A veces, en días como hoy, dejo vagar la imaginación y me sumerjo en recuerdos. Son días flojos, que después de haber leído y escrito un poco, me dejan inquieto. Hoy busqué informaciones sobre viejos amigos y descubrí que uno había muerto. No sabía nada de él desde hacía muchos años. Encontré también a su hermano, que vive en otra ciudad y a tres de sus hermanas en un viaje en el pasado, que se pierde en el tiempo. Después vagué por las calles de mi infancia, buscando otros nombres, otros rostros, que me acercaran aún más a esos tiempos. Pero está todo tan lejos, que es mejor dejar atrás lo que una vez fue y no siguió siendo. Descubrí, además, que una de las hermanas era amiga de un amigo más reciente y me pregunté cómo y dónde se habrían conocido sin querer indagar en el pasado, porque a menudo es mejor no volver a enredarse demasiado en los recuerdos y volví a hojear las consolaciones de Seneca escritas en latín, la vieja lengua de los cementerios.

Llueve, además no se puede salir de casa. Todo está cerrado por la pandemia. Me regalé un libro de Stephen King, sobre la escritura, On writing se llama. Se trata de una autobiografía que describe su relación con la escritura y se lee con placer. Siempre me ha gustado leer autobiografías de todo tipo, pero, en particular, de escritores. Sí, autobiografías e historias de viajes. Géneros que son menos y menos frecuentes, pero que nos acercan a las personas y nos muestran aspectos que serían muy difíciles de descubrir. Esto también concierne a los viajes, pues a menudo lo narrado describe al escritor mismo más que al lugar.

Hay un aspecto que no podemos olvidar, la escritura es una reflexión retrospectiva o un volver atrás al origen de los recuerdos. La fantasía de Stephen King, en cierta medida, fue alimentada por una infancia solitaria y marcada por la enfermedad. Él y su hermano mayor tenían una madre que trabajaba y los dejaba en casa, cuidados por misteriosas niñeras, que cambiaban constantemente. Escribir es cultivar historias y, para hacerlo, tenemos que vivir el momento, recordar y dejarnos inundar de impresiones, que posteriormente aparecerán en los textos, como parte de ese monologo descriptivo que nutre la escritura. Las ideas sobre los temas, llegan por sí mismas y sin ser invitadas.

No se escribe solo por escribir, se escribe para ser o volver a ser, para alterar y redefinir la realidad, para encontrar otros caminos, para huir y llegar, abandonar y retomar lo que ha sido una herida, un don o un peso. Escribir no es simplemente recordar, sino reelaborar lo recordado, rediseñando la historia y el pasado. Es así que existen incontables versiones del pasado. Cada hecho es vivido y revivido en cientos de formas y no exclusivamente por personas distintas, sino que también por cada uno de nosotros mismos. La memoria cambia con cada versión de lo sucedido y recordar transforma retrospectivamente lo que hemos vivido.

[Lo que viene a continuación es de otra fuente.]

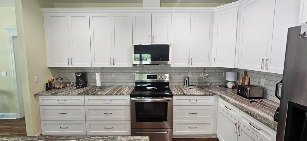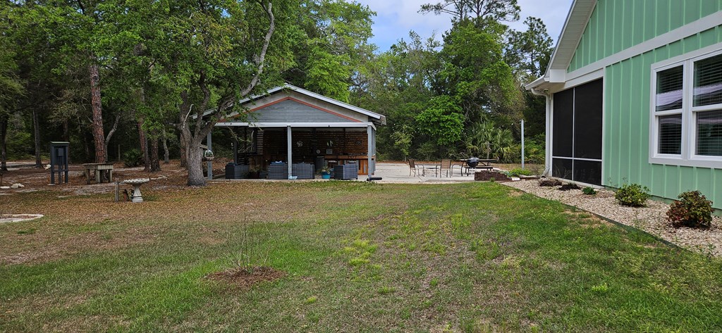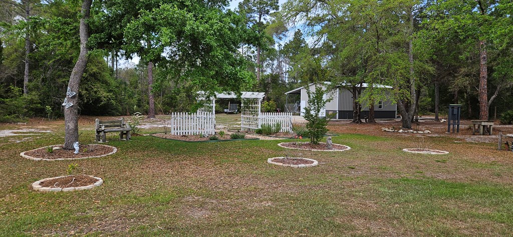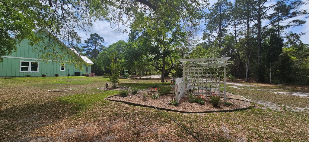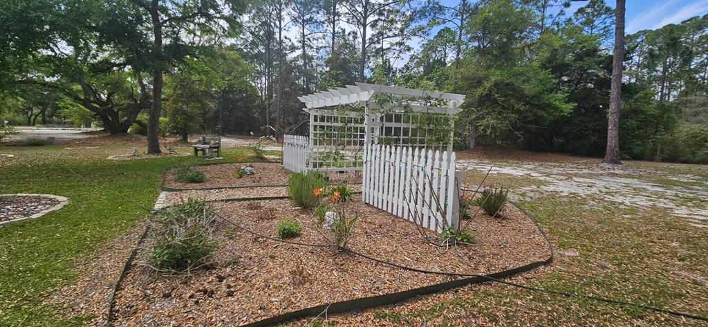 Beautiful Country Property – Move-In Ready with Exceptional Features! Welcome to this charming and energy-efficient 3-bedroom, 2-bath home offering over 1,800 square feet of comfortable living space, enhanced by extra windows that flood the home with natural light, all perfectly situated on 2.36 acres of beautifully landscaped property filled with flowers, mature trees, and lush plantings. The north side of the property borders peaceful forest land, adding privacy and a serene natural backdrop. Step inside to find a thoughtfully upgraded interior featuring granite countertops, wood cabinetry, tile backsplash, and high-end appliances in the kitchen. Stylish, upgraded lighting flows throughout the home, creating a warm and inviting atmosphere. The spacious master suite boasts a large customized walk-in closet and a beautifully designed custom walk-in shower, while the second bathroom features upgraded tile work and a modern tub/shower combination. Enjoy outdoor living at its finest with a covered front porch sitting area and a relaxing 16x12 screened back porch complete with ceiling fan and electrical outlets—perfect for entertaining or unwinding. This property is packed with extras: 24x24 pavilion with kitchen sink, water, power, ceiling fans, and string lighting—ideal for gatherings 24x30 metal barn with electricity, water, shelving, and a lean-to for boat storage (with room to expand) Two RV hookups with water and power Fenced garden area with water access. Multiple trellises with beautiful roses throughout the property. Additional highlights include: 2-car garage with upgraded door, City water & septic system, Energy-efficient home with low electric bills Included with the sale: All kitchen appliances, hot water heater, lighting fixtures, window treatments, blinds, flooring, pavilion bar and sink, barn shelving, fencing, and trellises.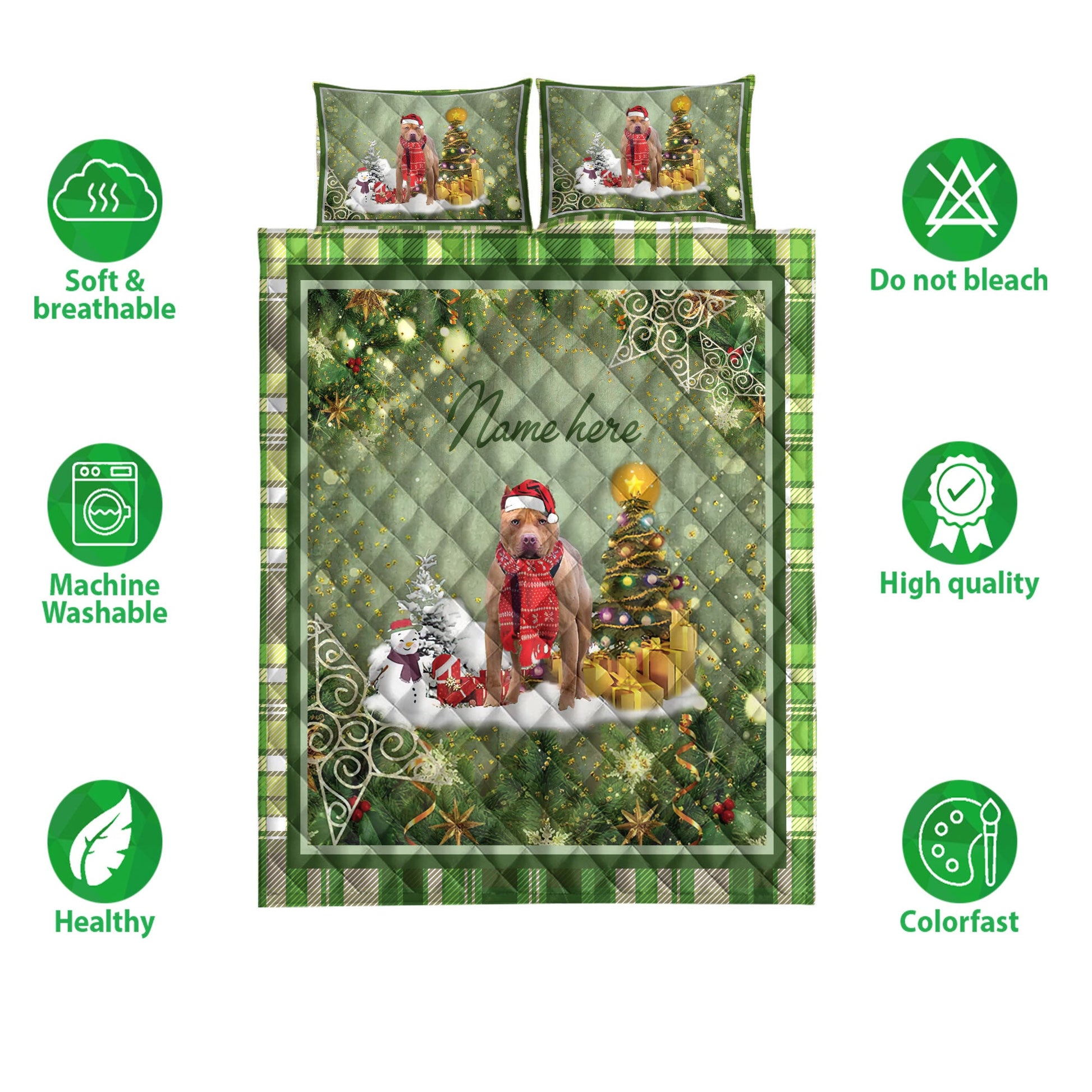 Personalized Pitbull Quilt Set, Pitbullmas Tree String Lights Quilt Blanket With Pillowcases, Custom Name Quilt Bedding Set, Christmas Gift

Los seres humanos estamos atrapados en nuestra propia narración y por este motivo, escribir es liberador. La realidad antes de dormir, no es la realidad de la vigilia y por eso los niños adoran las historias, que les contamos antes del sueño y es así también con los adultos. Si no fuera así, no existirían tantos libros, tantas películas, dramas y cuentos; todo esto se hace con el lenguaje, frases y palabras, evocando situaciones, sensaciones, sentimientos, paisajes y tiempos. Sí, esta es la verdad, nos rehacemos escribiendo, volviendo al pasado, a los recuerdos y cambiando todo para que la historia sea un buen cuento.